---- Materials provided
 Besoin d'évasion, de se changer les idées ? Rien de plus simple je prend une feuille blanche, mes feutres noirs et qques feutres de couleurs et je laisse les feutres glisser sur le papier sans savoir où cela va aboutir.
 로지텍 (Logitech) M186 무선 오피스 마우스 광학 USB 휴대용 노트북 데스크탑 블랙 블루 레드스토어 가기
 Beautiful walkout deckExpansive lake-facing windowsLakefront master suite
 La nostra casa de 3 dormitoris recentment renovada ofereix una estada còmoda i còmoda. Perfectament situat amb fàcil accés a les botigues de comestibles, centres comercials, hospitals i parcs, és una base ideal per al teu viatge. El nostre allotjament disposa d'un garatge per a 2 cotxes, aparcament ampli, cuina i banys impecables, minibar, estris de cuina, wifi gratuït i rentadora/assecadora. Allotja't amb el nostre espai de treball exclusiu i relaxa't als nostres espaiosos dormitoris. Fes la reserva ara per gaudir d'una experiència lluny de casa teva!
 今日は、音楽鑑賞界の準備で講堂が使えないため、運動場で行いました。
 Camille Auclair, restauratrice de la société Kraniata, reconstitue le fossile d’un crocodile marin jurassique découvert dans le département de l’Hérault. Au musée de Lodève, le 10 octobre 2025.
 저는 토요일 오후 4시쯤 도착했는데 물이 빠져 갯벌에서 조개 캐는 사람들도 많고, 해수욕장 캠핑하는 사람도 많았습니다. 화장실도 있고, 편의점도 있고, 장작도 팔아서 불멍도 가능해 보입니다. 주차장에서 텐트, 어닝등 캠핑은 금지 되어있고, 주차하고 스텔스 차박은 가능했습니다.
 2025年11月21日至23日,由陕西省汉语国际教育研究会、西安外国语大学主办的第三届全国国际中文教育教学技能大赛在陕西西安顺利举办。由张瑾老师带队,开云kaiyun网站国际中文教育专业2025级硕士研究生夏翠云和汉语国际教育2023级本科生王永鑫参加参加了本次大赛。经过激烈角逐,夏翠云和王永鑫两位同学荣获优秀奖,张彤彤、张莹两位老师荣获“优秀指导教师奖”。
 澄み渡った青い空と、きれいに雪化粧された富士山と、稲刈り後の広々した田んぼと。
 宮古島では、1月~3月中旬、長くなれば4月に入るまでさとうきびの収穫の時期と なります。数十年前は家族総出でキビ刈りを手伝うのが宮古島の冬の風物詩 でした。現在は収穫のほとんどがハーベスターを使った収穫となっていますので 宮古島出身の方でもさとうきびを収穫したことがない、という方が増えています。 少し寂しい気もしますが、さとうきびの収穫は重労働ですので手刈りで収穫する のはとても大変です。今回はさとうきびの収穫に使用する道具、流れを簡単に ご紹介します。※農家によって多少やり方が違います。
--------
▶ [Work instructions]
Taking the material above, extract exactly and only the lines from the line with "今日は、音楽鑑賞界の準備で講堂が使えないため、運動場で行いました。" to the line with "Camille Auclair, restauratrice", inclusive of both.

▶ [Answer box]
 今日は、音楽鑑賞界の準備で講堂が使えないため、運動場で行いました。
 Camille Auclair, restauratrice de la société Kraniata, reconstitue le fossile d’un crocodile marin jurassique découvert dans le département de l’Hérault. Au musée de Lodève, le 10 octobre 2025.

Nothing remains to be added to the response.